» **Work instruction**: Give back a single number: the count of lines in the data that contain the string "with".

» **Data in this exercise**:
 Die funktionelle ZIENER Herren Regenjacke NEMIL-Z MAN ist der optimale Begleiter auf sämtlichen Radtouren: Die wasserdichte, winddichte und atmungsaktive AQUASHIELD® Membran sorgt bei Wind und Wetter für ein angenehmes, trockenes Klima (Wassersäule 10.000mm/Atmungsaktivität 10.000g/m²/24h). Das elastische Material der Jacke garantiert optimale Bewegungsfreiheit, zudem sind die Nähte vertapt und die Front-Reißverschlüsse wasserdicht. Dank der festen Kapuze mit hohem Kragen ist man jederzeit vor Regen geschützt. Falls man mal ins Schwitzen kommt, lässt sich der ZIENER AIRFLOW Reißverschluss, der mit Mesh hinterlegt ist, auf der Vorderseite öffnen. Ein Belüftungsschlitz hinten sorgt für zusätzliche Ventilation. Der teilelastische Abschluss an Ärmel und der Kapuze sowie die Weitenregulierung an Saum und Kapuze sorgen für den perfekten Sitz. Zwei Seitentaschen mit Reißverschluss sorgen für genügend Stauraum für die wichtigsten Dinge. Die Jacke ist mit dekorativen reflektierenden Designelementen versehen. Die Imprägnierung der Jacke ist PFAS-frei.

...

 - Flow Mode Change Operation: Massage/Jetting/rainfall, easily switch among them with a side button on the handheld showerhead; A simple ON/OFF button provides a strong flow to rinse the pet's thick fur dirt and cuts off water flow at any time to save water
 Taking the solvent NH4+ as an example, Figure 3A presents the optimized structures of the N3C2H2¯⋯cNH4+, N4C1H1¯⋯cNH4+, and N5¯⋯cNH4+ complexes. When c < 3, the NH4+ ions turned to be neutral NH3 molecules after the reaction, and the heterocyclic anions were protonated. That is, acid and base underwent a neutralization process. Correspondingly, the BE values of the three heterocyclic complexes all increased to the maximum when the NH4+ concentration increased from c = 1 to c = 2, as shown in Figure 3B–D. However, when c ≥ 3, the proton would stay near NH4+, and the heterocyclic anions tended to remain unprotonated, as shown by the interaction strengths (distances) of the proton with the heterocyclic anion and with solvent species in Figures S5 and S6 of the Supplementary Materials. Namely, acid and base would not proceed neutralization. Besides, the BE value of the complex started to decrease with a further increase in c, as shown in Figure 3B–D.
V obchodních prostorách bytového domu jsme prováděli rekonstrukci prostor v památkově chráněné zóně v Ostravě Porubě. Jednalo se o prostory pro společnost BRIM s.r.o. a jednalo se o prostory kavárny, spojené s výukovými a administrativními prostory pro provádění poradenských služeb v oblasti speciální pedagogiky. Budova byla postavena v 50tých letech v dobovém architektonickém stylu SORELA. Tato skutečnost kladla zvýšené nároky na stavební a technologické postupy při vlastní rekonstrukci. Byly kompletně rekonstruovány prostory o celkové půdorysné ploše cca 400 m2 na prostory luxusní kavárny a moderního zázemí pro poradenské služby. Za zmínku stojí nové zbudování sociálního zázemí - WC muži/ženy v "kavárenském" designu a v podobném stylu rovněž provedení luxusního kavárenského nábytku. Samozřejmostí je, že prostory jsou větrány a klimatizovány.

» **Response**: 2